### LISTED RECORDS:
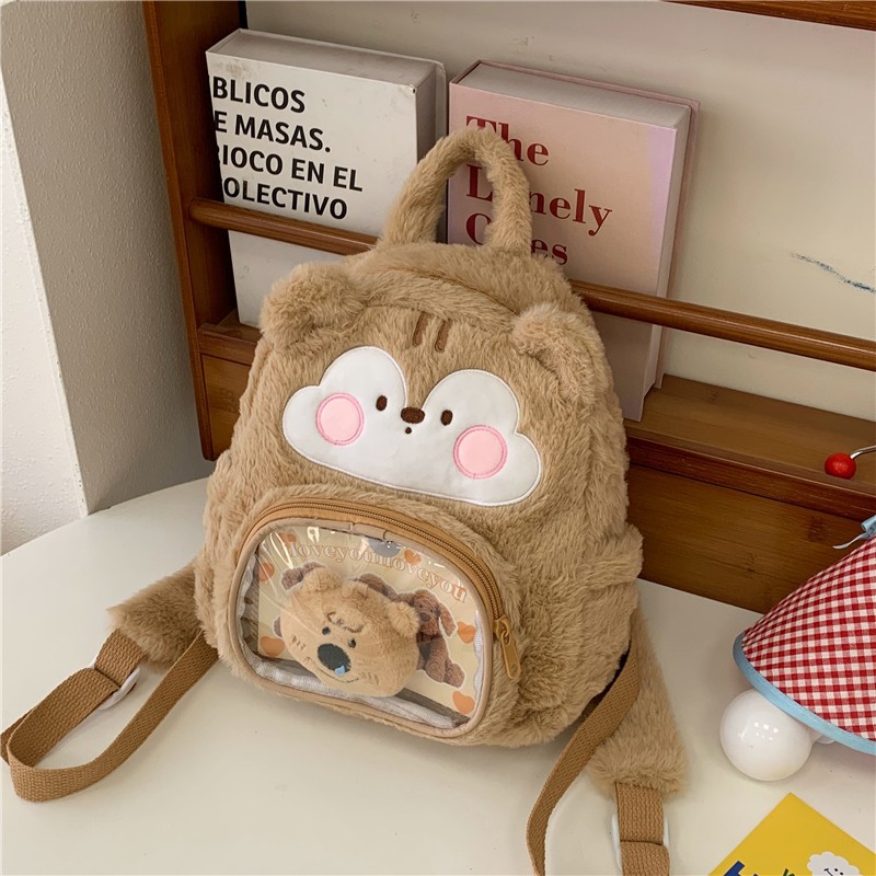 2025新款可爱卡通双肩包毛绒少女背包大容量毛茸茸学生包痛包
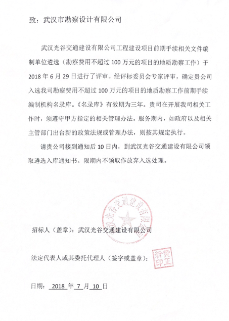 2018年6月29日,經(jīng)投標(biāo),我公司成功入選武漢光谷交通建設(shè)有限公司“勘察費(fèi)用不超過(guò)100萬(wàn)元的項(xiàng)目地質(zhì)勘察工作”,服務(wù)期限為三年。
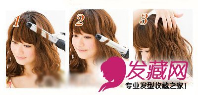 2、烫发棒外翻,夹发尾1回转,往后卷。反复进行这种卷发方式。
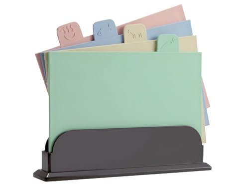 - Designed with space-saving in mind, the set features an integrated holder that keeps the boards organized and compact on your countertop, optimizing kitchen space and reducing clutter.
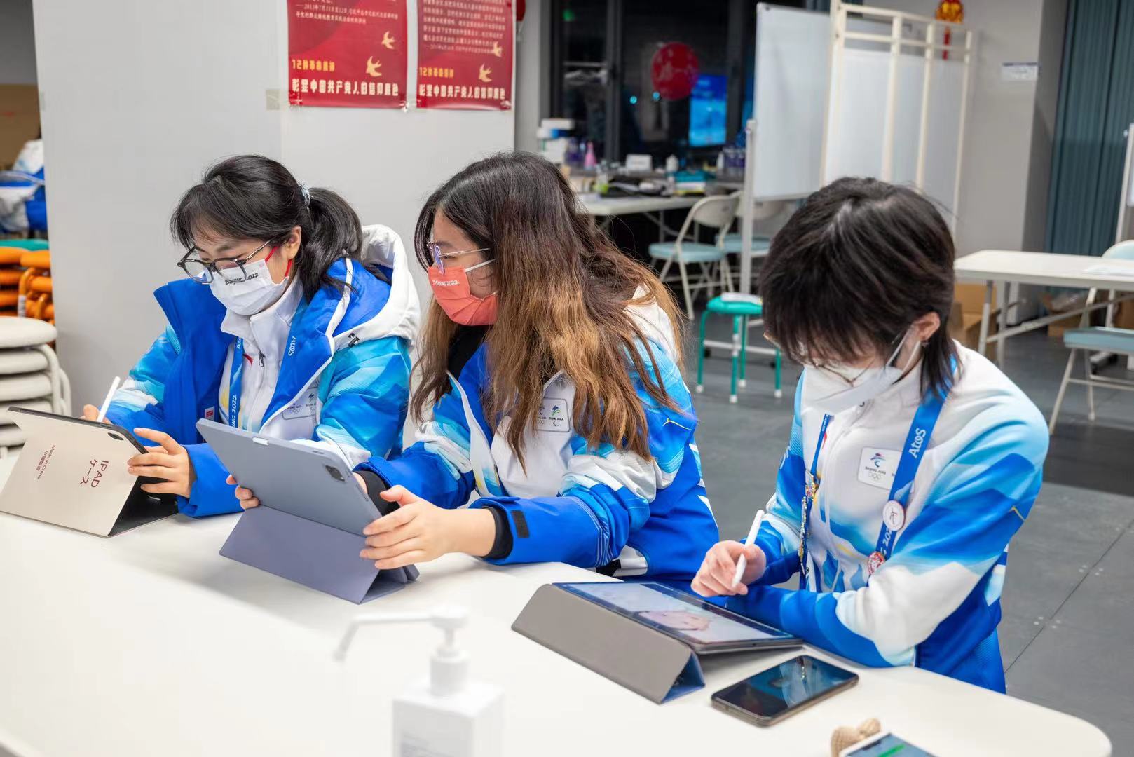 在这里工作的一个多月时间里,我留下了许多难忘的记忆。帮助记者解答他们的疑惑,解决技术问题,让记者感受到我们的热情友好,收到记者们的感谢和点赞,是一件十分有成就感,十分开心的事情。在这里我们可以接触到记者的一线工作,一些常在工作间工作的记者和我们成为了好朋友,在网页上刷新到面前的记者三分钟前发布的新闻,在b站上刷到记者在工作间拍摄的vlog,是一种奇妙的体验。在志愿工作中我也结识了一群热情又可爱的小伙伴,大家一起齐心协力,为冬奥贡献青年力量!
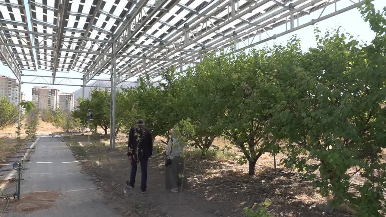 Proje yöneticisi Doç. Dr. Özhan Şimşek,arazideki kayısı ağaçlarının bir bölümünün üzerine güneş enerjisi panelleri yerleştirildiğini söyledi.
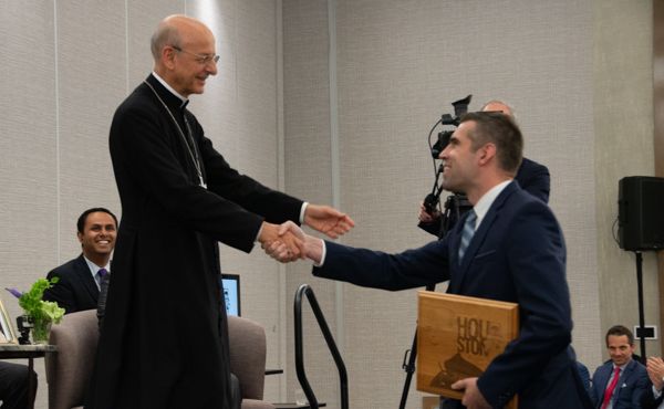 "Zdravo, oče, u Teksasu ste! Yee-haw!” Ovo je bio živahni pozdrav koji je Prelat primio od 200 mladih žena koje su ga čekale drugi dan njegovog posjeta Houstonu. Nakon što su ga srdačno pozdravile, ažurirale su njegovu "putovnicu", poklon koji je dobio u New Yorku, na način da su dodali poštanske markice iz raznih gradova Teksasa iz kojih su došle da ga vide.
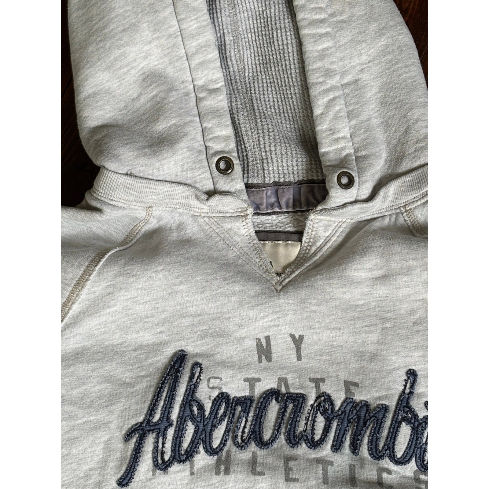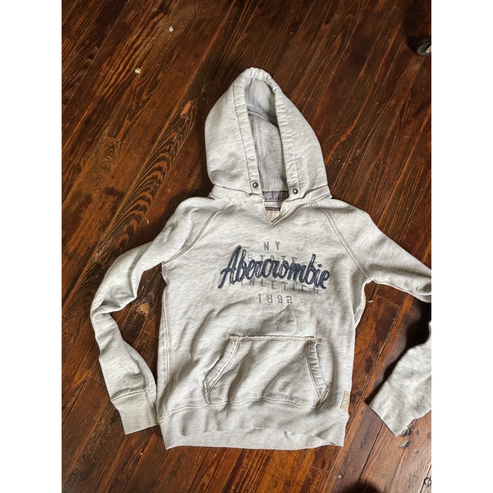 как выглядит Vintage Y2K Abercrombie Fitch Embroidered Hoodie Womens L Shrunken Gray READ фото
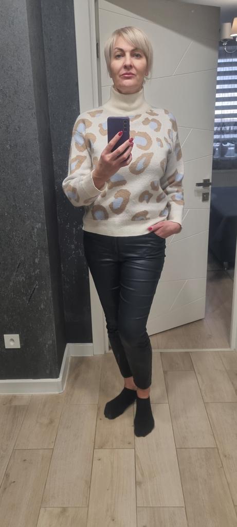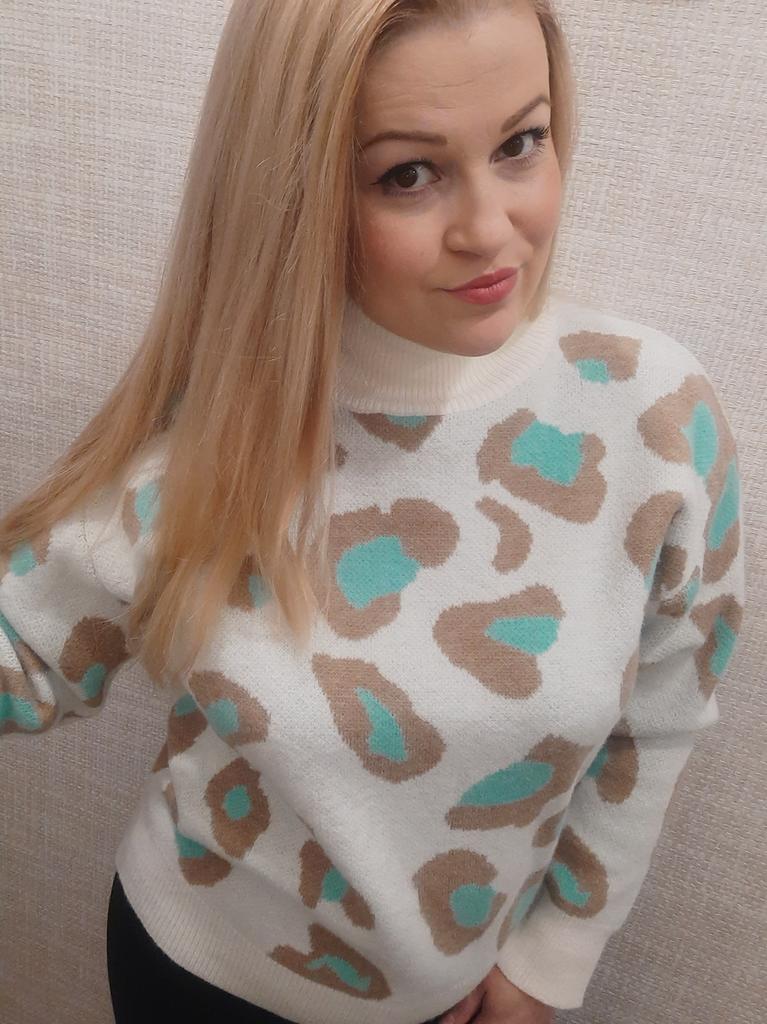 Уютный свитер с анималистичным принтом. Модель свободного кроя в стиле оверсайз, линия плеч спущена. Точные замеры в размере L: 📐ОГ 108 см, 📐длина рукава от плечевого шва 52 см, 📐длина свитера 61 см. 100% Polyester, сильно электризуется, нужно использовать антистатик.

### YOUR OBJECTIVE:
Retype, exactly and with no pictures, everything above from the line with "2018年6月29日,經(j" down to the line with "- Designed with", both included.

### RESULT OF THIS TASK:
 2018年6月29日,經(jīng)投標(biāo),我公司成功入選武漢光谷交通建設(shè)有限公司“勘察費(fèi)用不超過(guò)100萬(wàn)元的項(xiàng)目地質(zhì)勘察工作”,服務(wù)期限為三年。
 2、烫发棒外翻,夹发尾1回转,往后卷。反复进行这种卷发方式。
 - Designed with space-saving in mind, the set features an integrated holder that keeps the boards organized and compact on your countertop, optimizing kitchen space and reducing clutter.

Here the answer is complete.